Thanks to Detective RC White, Fort Lauderdale Police Department (retired), who answered countless questions on police interrogations and procedures. Captain Kim Spadaro, commander of the Broward County Main Jail Facility, and Deputy Deanne Paul gave me a tour of the Broward County Jail. Thanks also to author and police officer Robin Burcell, who wrote
Jerry Sanford, author of
Thanks to public relations expert Jack Klobnak, and to my bookseller friend, Carole Wantz, who could sell iceboxes in the Arctic Circle. Special thanks to Anne Watts and Sarah Watts-Casinger, who are owned by Thumbs the cat.
Chapter 1
“Helen, where the hell are you?” The creep used the intercom, so everyone heard.

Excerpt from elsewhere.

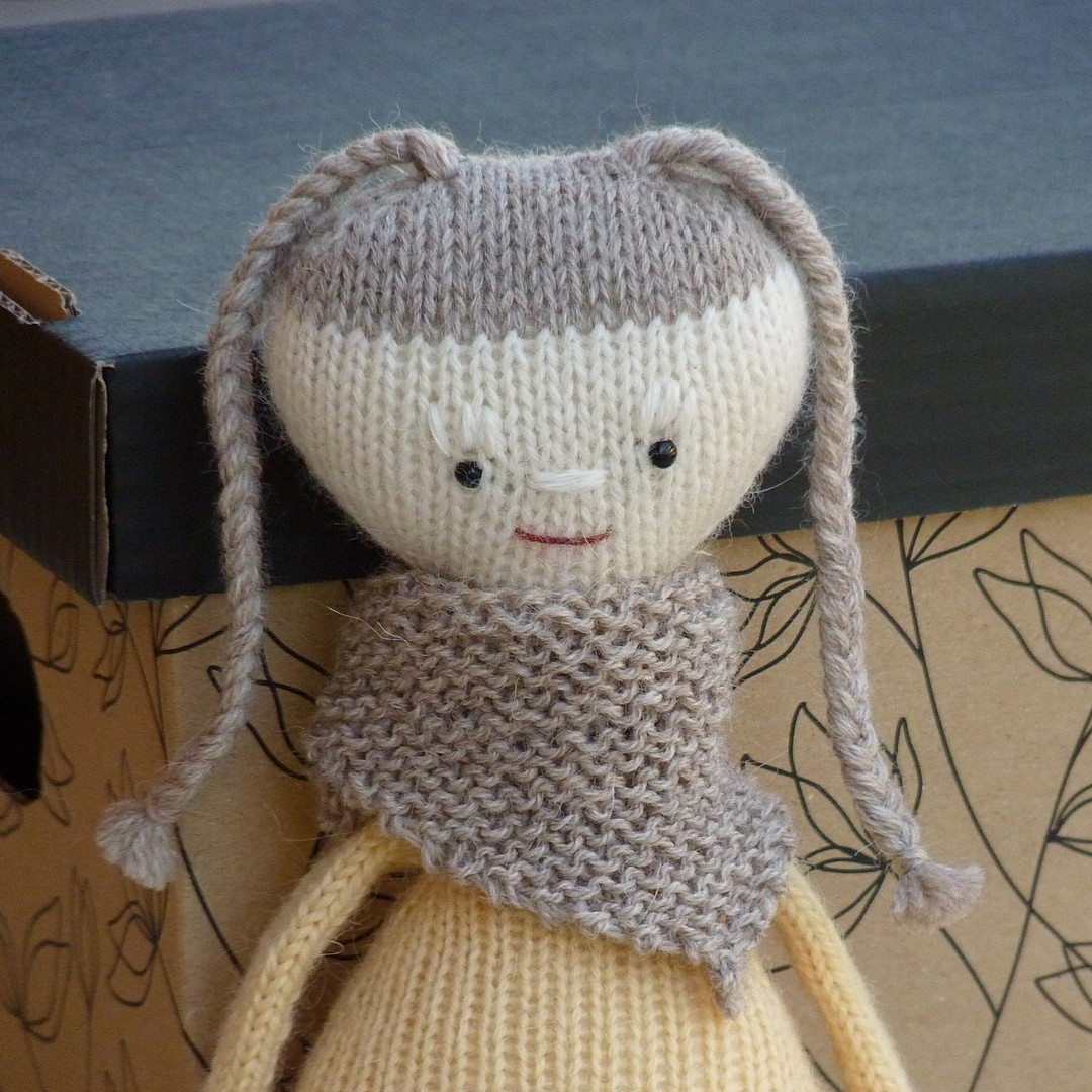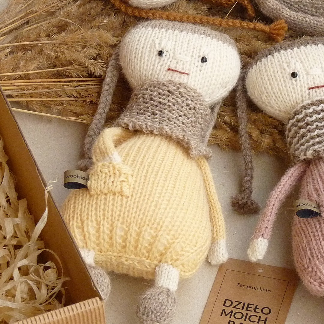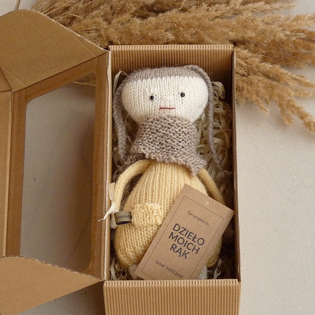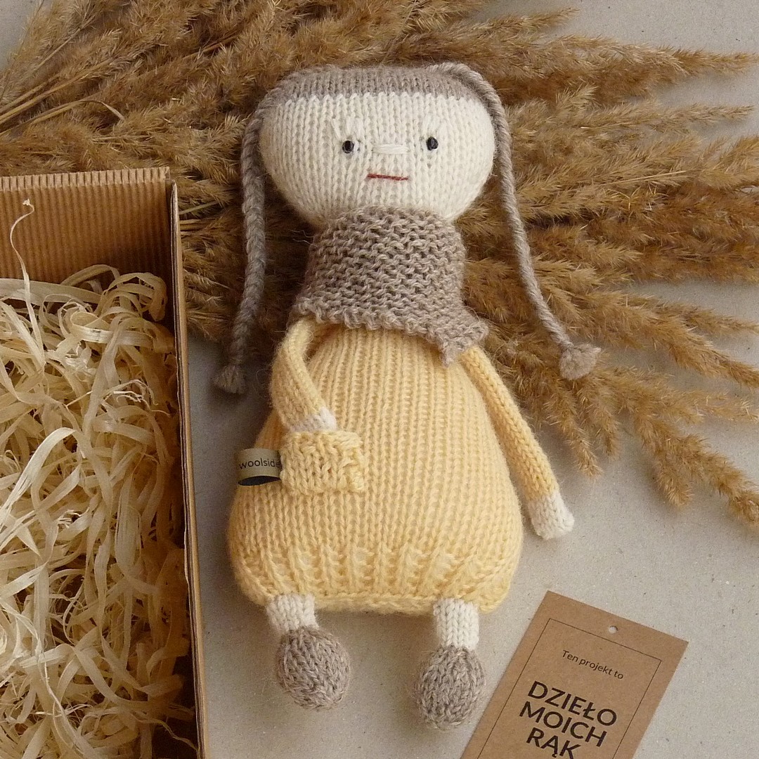 Ręcznie dziergana na drutach, pełna klasycznego uroku i prostoty lalka, która powstała w stu procentach z pasji :-)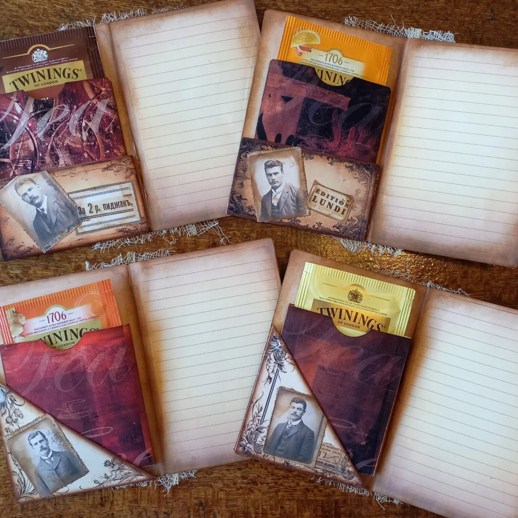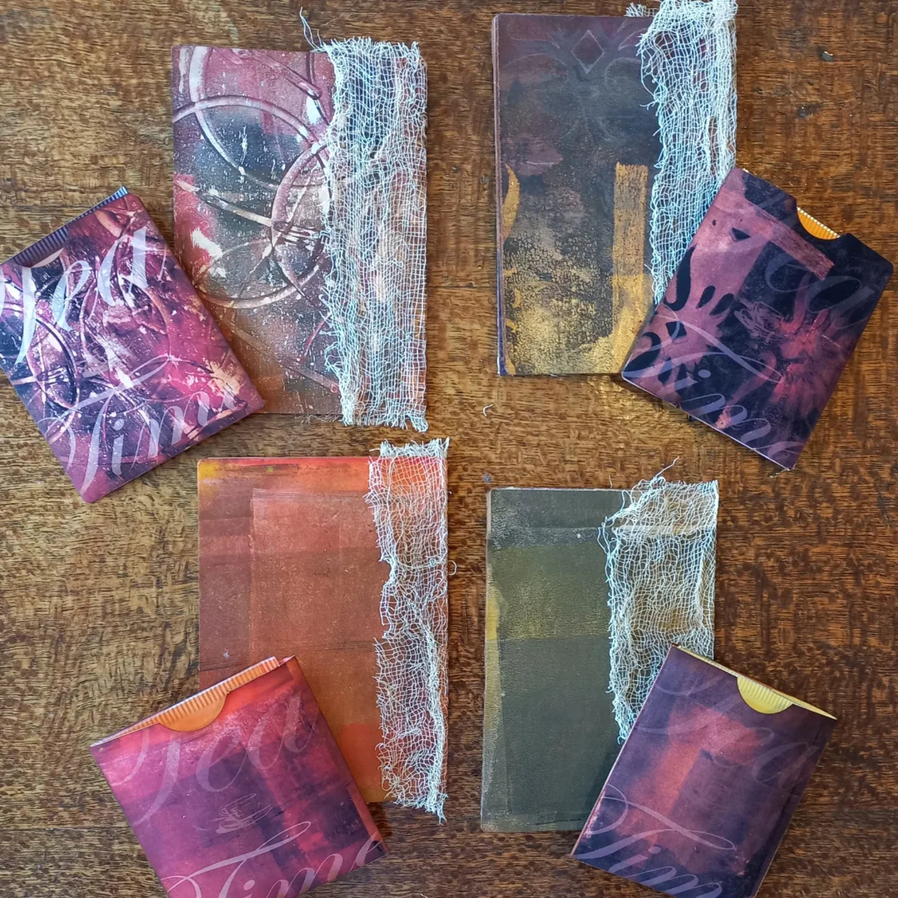 Using my gelli prints as backgrounds for the cards, I made tea-bag envelopes with the same design and tucked them into the card pockets.

“I’m in the back, stripping,” she said. Now they all heard her reply.
“I don’t care what you’re doing, get out here,” he said.
“Now.”
Helen Hawthorne quit stripping and wished she could start ripping. She wanted to rip out the black heart of Page Turner III with her bare hands.

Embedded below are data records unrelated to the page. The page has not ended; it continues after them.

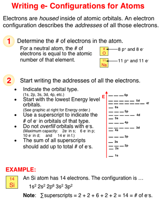 Electron configurations describe the location of electrons in the orbitals of atoms. The infographic below describes how to write such an electron configuration for an element.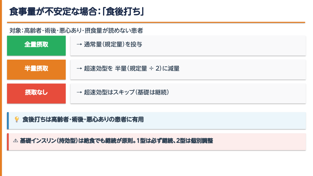 #16. 食事量が不安定な場合:「食後打ち」 対象:高齢者・術後・悪心あり・摂食量が読めない患者 全量摂取 → 通常量(規定量)を投与 半量摂取 → 超速効型を 半量(規定量 ÷ 2)に減量 摂取なし → 超速効型はスキップ(基礎は継続) 食後打ちは高齢者・術後・悪心ありの患者に有用 基礎インスリン(持効型)は絶食でも継続が原則。1型は必ず継続、2型は個別調整
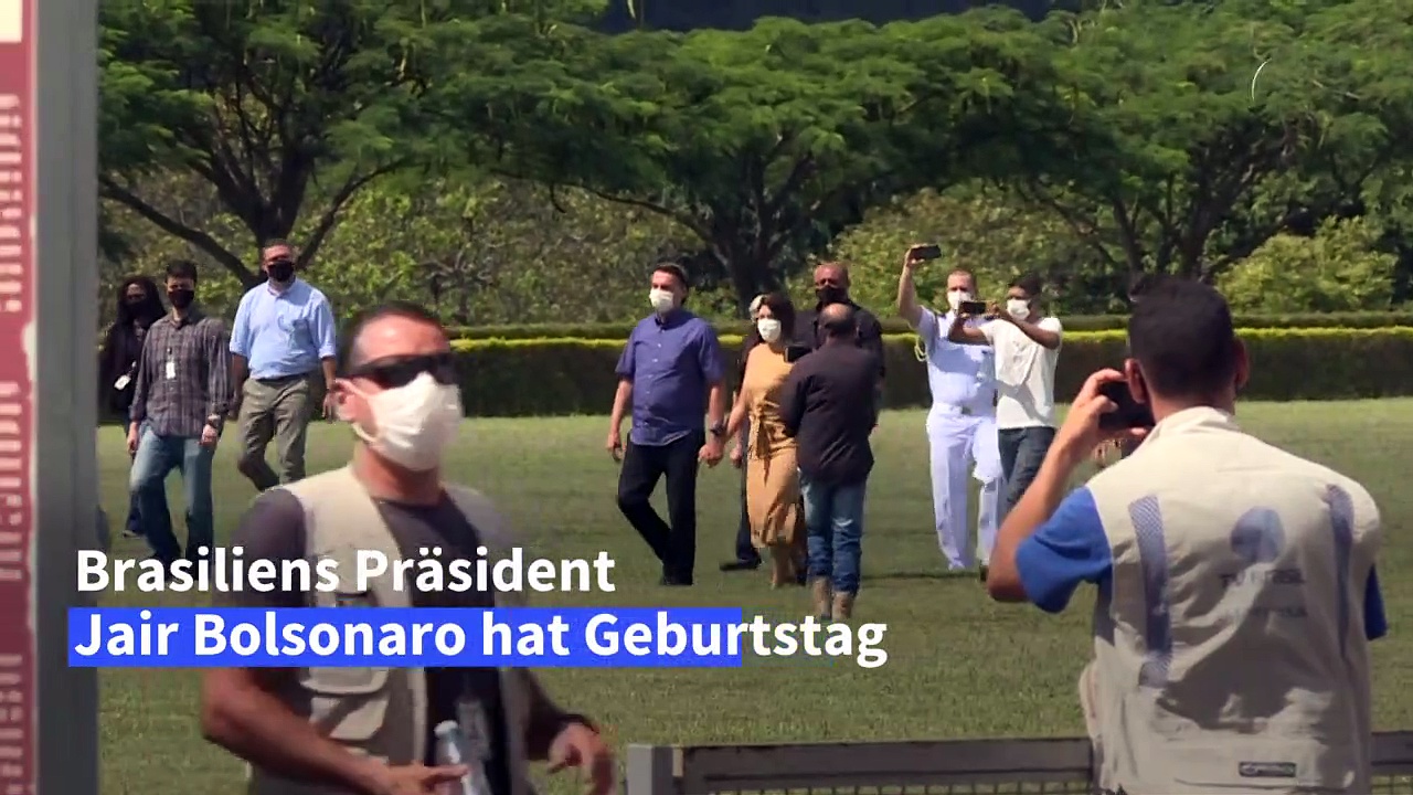 Brasiliens Präsident Jair Bolsonaro hat Geburtstag und lässt sich von Anhängern vor seinem Wohnsitz feiern. Der rechtsextreme Staatschef bedankt sich bei seinen Unterstützern und zeigt sich dabei ganz ungewohnt mit Maske.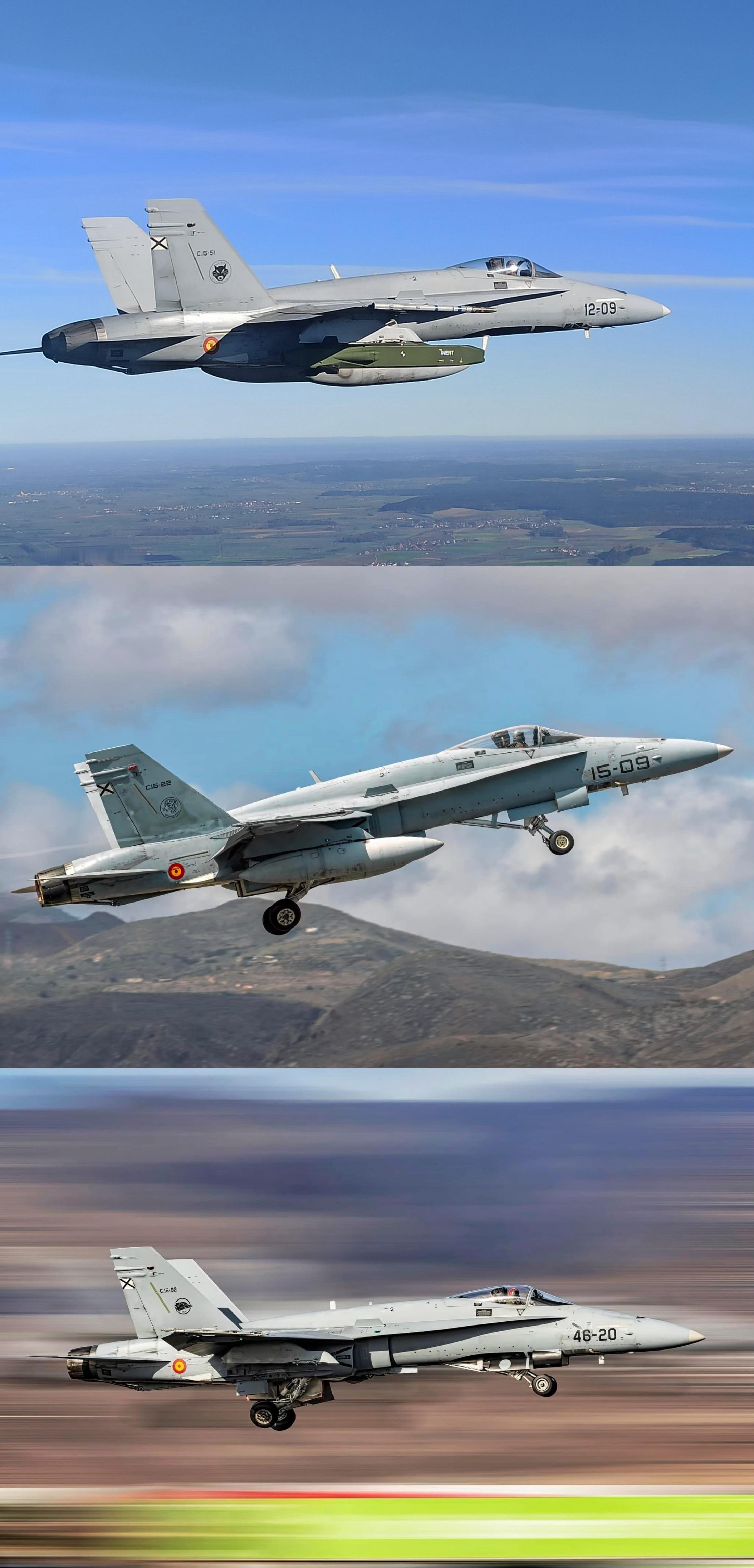 西班牙空军/空天军EF-18大黄蜂中队识别指南军用飞机信息汇 中西双语编制西班牙空军共采购并接收了72架EF-18A/B(F/A-18A/B的西班牙出口型,其中单座A型60架,双座B型12架;升级到F/A-18A+/B+水准后的型号称为EF-18M/BM),编为2个联队(第12和第15联队),下辖5个中队(含1个训练中队)。另外还有24架采购自美国海军/陆战队的二手F/A-18A大黄蜂战机,也升级到了A+标准,编为1个中队:第11联队第111中队(1995-2000年);在该中队接收台风战机后,这批大黄蜂又转给了第46联队第462中队,驻地位于距离本土1000多公里的加那利群岛。任务上,这6个中队各有侧重:第121中队侧重对地对海打击,第122中队和第151中队侧重空优和拦截,第152中队侧重压制敌防空(SEAD),第153中队侧重转换训练(OCU),第462中队守备加那利群岛。现役数量上,这总计96架大黄蜂战机中,按《空军月刊》2017-2018年间的说法,72架EF18中有6架坠毁,24架F18A中有4架坠毁,现役85架(1架去向不明)。而2017年10月摔的那架EF18M,《空军月刊》并未及时统计到,再考虑到2023年5月和2024年10月又各摔了1架EF18M,西班牙空军现役F18总数应为82架;网上也有81架的说法(又1架去向不明),考虑到有退役封存和做教具等可能性,保守估计81架这个数字应该较为准确。之前微博(网页链接)提到西班牙空军战斗机部队同联队下的中队共用飞机,除下辖1个中队(第462中队)的第46联队以外,其战机垂尾个性标识均为联队徽章。在这种情况下要判断中队,除非战机本身有中队特别涂装,在战机隶属于联队的情况下只能通过看飞行员胸章来判断飞行员所属中队;图1就是包含各联队和中队徽章的编制表供大家当作识别指南参考。加上上期(网页链接)的西班牙空军台风中队编制及识别指南,西班牙空军战术机队编制就齐了,连载完结,撒花🎉。最后:西班牙空军下了45架台风Tranche 4/4+/5的订单,首当其冲就要换掉老旧的二手F18A+,所以第46联队第462中队今后就要从大黄蜂中队变台风中队了。虽然说该中队有望成为西班牙空军第一个“三代半”战机中队(听起来有点可怜),但从今年最新的发展趋势来看,新的台风Tranche 4应该会首装第14联队,然后再把第14联队的老台风给第46联队第462中队(如果属实,那该中队属实是二手机专业户,空军养老院)。总之,45架新台风也不止能换掉1个中队,大黄蜂战机在西班牙空军作战序列中已渐行渐远……预告:更新到现在发现去年更了德国和英国台风编制和识别指南,今年又更了西班牙台风编制和识别指南,众所周知台风战机来自英德意西,这要是接下来不更意大利台风编制和识别指南,有点说不过去了。

He knew where she was. He also knew she couldn’t complain when he played his little games. He was Page Turner, literary light and owner of Page Turners, the book chain with his name. Page was a multimillionaire, but not because of the three bookstores. The real family fortune came from mundane moneymakers such as pancake houses and muffler shops.
Page ran the bookstores because he had the same name as the founder. That was all Page had in common with his book-loving grandfather. The current Page Turner couldn’t sell a book to a boatload of bibliophiles.
Helen flung open the stockroom door, expecting to see Page. Instead she collided with Mr. Davies, the store’s oldest inhabitant. Mr. Davies showed up every morning at nine, when the store opened, and stayed until it closed at midnight. He brought two peanut-butter sandwiches, one for lunch and one for dinner, and drank the free ice water in the cafe. All day long he read books. He bought one paperback a month, when his Social Security check arrived.
Helen liked him. He was as much a fixture as the shelves and chairs.
Mr. Davies was a small gray squirrel of a man, with big yellow teeth and inquisitive brown eyes. Now those eyes were bright with disappointment.
“You’re dressed,” the old man said.
“Of course I’m dressed,” Helen said. “What did you think I was doing in there?”
“Stripping,” he said hopefully.
“I was stripping the covers off paperbacks,” she said.
Mr. Davies was more shocked than if she’d been stark naked. “That’s terrible, a pretty girl like you mutilating books,” he said.